What is the FC preheat for M270M HPS345W / M270 HPS50W with H8 at > 60 mm (> 2½ in)?

For fracture-critical M270M HPS345W / M270 HPS50W welded with H8-designated consumables at > 60 mm (> 2½ in) thickness and > 2.8 kJ/mm heat input, the minimum preheat is 325°F (160°C) per D1.5 Table 12.6/12.7.

What is the difference between FC and NFC preheat for M270M HPS345W / M270 HPS50W?

Non-fracture-critical (Table 6.3) preheat is a simple thickness-based lookup. Fracture-critical (Tables 12.4–12.8) adds hydrogen level and heat input as variables, typically requiring higher preheat.
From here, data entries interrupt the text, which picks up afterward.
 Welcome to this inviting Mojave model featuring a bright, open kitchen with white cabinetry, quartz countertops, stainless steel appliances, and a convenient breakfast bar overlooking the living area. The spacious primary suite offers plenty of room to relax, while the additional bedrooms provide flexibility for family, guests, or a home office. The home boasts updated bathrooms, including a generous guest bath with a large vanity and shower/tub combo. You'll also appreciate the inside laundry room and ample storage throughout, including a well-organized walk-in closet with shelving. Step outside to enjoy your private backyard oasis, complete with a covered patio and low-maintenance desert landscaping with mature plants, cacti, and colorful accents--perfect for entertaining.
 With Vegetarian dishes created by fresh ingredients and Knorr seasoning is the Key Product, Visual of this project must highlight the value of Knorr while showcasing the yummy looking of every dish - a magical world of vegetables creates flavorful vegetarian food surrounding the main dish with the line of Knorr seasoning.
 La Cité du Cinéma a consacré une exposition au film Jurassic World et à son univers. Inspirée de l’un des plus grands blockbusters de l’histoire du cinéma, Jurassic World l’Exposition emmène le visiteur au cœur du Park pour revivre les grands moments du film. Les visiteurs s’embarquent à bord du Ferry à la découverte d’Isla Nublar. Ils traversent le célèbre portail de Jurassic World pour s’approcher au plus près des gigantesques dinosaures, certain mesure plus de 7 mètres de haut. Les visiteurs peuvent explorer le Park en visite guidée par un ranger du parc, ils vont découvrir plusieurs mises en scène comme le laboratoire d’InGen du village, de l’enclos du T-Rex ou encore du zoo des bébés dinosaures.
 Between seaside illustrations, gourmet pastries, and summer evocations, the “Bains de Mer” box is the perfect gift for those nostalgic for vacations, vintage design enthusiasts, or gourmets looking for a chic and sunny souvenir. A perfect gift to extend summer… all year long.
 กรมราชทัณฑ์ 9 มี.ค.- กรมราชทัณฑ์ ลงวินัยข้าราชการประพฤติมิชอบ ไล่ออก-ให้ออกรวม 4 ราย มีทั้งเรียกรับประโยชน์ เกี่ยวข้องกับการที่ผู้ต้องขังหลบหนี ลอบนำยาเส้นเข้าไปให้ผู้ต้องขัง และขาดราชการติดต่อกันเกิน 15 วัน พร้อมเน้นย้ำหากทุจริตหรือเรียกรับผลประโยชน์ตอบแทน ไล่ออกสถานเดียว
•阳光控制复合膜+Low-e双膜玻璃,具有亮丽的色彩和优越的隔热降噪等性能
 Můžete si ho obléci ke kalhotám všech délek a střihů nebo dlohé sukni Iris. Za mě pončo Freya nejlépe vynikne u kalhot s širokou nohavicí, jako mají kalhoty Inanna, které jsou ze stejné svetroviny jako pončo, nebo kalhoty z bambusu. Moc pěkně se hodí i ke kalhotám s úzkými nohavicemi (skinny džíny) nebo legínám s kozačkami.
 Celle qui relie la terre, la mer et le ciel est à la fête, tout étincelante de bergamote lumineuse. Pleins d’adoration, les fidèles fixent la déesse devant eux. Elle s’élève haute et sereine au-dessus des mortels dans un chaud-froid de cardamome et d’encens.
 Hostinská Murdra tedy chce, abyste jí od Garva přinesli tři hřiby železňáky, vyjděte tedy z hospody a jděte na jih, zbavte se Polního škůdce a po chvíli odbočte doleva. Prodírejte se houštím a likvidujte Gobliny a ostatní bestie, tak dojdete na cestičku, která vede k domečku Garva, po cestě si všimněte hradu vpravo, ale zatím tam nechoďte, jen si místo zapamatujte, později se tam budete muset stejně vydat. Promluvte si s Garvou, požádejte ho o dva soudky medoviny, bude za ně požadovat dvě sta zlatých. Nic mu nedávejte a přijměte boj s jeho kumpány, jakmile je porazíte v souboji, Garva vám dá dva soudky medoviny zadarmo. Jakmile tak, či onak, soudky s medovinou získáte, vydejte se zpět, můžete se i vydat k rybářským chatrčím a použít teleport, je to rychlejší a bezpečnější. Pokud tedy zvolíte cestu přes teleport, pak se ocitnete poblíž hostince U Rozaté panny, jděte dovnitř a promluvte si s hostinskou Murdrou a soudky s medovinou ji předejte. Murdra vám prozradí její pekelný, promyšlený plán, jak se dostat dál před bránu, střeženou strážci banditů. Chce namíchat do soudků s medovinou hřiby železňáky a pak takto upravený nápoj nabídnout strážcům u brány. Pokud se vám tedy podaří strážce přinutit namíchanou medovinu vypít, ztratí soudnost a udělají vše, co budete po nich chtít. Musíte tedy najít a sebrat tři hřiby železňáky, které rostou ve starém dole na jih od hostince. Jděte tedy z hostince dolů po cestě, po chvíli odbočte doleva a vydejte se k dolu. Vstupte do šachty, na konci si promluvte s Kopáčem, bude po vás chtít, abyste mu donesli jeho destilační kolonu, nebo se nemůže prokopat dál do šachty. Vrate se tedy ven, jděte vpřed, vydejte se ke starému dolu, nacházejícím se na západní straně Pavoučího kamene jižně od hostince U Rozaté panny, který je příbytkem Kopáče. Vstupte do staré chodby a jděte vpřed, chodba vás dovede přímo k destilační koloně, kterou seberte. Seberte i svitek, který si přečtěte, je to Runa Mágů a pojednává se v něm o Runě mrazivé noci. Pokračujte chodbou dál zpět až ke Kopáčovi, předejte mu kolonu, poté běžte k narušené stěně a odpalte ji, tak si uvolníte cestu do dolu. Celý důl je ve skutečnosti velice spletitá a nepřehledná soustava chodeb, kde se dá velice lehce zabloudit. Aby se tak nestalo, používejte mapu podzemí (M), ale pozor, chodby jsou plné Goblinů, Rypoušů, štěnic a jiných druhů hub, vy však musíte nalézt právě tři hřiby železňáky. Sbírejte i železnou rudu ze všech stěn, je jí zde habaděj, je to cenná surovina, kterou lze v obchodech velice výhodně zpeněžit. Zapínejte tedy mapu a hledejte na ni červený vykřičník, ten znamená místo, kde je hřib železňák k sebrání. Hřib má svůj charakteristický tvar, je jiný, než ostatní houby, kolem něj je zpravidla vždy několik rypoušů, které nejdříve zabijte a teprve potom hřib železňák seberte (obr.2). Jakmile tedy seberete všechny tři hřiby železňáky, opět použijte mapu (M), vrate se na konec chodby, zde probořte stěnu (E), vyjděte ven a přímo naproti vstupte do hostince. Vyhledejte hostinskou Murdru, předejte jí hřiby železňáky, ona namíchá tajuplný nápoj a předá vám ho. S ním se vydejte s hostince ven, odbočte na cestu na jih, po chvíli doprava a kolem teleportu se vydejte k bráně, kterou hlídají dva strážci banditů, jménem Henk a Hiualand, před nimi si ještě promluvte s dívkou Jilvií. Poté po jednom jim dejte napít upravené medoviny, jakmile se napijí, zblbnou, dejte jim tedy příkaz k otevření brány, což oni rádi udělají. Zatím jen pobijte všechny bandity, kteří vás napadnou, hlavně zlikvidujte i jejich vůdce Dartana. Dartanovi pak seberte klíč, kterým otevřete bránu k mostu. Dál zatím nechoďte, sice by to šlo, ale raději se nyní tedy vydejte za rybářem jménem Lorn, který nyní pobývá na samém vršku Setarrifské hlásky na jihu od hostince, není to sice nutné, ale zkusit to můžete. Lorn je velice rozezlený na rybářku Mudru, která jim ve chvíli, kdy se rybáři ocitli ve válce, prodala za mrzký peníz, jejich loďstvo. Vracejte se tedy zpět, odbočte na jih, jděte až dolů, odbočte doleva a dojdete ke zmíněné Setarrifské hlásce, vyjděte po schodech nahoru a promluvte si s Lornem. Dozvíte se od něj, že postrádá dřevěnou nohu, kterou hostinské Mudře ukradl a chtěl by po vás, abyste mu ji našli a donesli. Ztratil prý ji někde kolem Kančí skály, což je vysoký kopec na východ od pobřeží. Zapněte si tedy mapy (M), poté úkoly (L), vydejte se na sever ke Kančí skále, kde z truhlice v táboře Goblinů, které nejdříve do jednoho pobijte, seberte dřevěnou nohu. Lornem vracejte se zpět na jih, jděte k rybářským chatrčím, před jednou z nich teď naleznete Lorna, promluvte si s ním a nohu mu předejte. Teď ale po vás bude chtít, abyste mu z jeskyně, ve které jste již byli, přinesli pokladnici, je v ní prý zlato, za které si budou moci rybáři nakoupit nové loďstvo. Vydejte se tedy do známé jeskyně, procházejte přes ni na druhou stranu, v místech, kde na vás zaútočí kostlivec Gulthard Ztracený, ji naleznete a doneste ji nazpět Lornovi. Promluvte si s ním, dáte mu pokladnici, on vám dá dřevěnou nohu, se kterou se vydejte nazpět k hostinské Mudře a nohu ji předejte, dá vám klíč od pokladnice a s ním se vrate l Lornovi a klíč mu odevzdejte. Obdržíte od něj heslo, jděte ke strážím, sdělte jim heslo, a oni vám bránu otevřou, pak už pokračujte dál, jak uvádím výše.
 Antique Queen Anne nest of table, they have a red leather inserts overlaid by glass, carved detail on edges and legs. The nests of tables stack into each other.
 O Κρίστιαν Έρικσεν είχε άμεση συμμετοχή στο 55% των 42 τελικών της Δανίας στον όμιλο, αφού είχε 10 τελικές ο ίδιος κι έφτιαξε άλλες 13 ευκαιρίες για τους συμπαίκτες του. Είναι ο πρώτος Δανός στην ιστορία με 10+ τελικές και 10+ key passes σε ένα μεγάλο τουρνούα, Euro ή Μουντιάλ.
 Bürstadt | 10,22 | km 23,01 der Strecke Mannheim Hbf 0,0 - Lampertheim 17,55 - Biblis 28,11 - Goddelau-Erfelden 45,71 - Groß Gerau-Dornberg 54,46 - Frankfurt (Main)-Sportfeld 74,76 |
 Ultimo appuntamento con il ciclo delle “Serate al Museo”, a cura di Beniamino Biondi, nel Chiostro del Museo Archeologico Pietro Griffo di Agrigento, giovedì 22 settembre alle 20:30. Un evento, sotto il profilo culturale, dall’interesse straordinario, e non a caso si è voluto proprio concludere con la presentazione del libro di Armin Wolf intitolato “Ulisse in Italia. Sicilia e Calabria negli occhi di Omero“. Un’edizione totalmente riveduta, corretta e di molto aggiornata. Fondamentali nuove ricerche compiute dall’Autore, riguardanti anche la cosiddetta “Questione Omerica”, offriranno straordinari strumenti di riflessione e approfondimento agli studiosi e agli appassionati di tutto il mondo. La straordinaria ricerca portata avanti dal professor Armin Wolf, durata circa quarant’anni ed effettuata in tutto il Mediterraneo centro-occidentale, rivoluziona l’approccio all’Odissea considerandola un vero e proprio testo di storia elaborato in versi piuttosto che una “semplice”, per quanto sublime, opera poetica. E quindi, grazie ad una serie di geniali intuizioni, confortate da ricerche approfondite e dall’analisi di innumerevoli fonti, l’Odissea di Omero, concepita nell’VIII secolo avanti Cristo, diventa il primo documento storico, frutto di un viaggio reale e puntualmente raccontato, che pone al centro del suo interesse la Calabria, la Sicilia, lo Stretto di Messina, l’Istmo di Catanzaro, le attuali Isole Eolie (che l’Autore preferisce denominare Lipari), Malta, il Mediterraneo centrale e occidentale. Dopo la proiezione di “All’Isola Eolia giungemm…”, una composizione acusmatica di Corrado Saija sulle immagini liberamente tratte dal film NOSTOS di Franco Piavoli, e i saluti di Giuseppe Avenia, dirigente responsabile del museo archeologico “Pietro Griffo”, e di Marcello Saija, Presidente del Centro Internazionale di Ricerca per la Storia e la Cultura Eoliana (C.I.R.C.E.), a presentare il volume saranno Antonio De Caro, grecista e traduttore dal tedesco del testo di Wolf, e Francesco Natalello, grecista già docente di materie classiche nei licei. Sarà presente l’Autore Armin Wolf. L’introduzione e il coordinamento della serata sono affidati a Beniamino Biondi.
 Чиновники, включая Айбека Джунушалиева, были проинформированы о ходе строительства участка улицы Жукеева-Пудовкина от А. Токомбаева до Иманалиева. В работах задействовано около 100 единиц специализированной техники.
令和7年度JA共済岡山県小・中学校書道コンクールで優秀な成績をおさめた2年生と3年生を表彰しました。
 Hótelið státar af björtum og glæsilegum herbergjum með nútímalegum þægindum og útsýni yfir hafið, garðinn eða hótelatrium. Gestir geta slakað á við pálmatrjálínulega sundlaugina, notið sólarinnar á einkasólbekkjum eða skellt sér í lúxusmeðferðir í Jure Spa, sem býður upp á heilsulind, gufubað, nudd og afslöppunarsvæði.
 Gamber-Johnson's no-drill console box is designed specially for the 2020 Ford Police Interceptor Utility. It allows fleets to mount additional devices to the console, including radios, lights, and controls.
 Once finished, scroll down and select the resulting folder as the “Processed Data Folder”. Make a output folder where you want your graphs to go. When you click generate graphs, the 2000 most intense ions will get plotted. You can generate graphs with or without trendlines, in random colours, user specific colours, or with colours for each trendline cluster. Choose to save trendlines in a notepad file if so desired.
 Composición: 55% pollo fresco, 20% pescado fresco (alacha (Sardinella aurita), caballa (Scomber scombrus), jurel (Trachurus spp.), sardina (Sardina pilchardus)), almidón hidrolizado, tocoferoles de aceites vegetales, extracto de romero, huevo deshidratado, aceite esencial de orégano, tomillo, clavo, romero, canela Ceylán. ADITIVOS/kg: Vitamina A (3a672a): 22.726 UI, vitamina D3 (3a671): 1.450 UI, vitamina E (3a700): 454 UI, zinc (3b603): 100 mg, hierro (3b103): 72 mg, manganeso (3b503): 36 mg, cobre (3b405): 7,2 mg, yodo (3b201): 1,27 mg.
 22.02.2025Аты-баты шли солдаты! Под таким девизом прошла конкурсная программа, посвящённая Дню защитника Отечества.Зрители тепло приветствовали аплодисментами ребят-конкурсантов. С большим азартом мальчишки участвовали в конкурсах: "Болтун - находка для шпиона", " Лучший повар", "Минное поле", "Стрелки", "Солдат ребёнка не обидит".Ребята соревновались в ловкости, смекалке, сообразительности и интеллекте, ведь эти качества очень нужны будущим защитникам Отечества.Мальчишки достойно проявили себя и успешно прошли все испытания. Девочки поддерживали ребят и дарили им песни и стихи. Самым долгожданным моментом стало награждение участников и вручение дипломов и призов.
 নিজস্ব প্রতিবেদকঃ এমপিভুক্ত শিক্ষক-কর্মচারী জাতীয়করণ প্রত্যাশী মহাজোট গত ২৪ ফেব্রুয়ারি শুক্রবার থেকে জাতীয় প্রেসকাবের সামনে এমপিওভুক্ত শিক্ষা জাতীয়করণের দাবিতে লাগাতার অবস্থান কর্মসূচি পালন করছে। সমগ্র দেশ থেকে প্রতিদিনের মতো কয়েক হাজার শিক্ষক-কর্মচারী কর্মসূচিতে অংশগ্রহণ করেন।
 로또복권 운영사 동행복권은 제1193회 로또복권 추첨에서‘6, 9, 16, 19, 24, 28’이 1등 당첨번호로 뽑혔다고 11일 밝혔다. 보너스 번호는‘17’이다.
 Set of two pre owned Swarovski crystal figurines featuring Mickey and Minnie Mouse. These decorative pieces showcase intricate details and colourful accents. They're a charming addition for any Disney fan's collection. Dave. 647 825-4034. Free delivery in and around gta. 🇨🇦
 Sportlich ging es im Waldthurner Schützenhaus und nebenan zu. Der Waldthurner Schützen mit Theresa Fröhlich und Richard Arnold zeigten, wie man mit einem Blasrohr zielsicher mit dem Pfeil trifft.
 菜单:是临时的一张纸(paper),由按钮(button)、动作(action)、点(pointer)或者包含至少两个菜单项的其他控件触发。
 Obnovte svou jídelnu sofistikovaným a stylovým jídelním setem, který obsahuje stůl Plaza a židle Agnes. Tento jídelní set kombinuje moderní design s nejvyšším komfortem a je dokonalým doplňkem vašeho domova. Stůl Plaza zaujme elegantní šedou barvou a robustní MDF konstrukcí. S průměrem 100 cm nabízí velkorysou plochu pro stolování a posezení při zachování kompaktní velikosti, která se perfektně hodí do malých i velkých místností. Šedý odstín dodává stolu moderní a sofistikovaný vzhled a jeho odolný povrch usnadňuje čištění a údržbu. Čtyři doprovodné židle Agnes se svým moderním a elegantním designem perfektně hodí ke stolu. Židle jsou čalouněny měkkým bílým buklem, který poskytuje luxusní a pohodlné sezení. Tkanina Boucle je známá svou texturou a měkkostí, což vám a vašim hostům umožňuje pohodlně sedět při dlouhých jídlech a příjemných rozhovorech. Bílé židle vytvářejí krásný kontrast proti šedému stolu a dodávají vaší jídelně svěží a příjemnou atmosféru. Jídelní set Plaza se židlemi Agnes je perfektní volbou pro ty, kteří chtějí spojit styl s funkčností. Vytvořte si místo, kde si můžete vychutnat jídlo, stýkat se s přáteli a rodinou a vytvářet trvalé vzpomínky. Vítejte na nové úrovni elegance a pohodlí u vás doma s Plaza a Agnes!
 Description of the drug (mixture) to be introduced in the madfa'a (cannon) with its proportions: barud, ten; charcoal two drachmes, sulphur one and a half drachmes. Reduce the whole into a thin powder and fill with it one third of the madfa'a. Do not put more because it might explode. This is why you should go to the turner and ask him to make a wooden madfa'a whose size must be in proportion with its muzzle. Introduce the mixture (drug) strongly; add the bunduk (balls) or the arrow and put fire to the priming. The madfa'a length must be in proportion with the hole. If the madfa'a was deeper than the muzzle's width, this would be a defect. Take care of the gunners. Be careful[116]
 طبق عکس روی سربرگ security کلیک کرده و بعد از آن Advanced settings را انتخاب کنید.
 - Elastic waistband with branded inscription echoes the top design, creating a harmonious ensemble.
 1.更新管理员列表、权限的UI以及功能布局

For FC members, the hydrogen designator on the consumable classification directly determines the minimum preheat.

How does heat input affect preheat for FC M270M HPS345W / M270 HPS50W?

Higher heat input means slower cooling rates, giving hydrogen more time to diffuse out of the weld zone. At > 2.8 kJ/mm, the 325°F preheat balances the hydrogen level and cooling rate. Moving to a higher heat input band would typically reduce the required preheat for the same hydrogen level and thickness.

Why is preheat the same for both groups above 65 mm?

Table 6.3 converges at 110°C (225°F) for both groups at this thickness because the dominant factor becomes hydrogen diffusion distance through the thick section rather than the steel’s hardenability. Even Group 1 steels need substantial preheat at 65+ mm to keep cooling rates slow enough for safe hydrogen escape.

D1.5:2025 reference data. Not affiliated with AWS or AASHTO.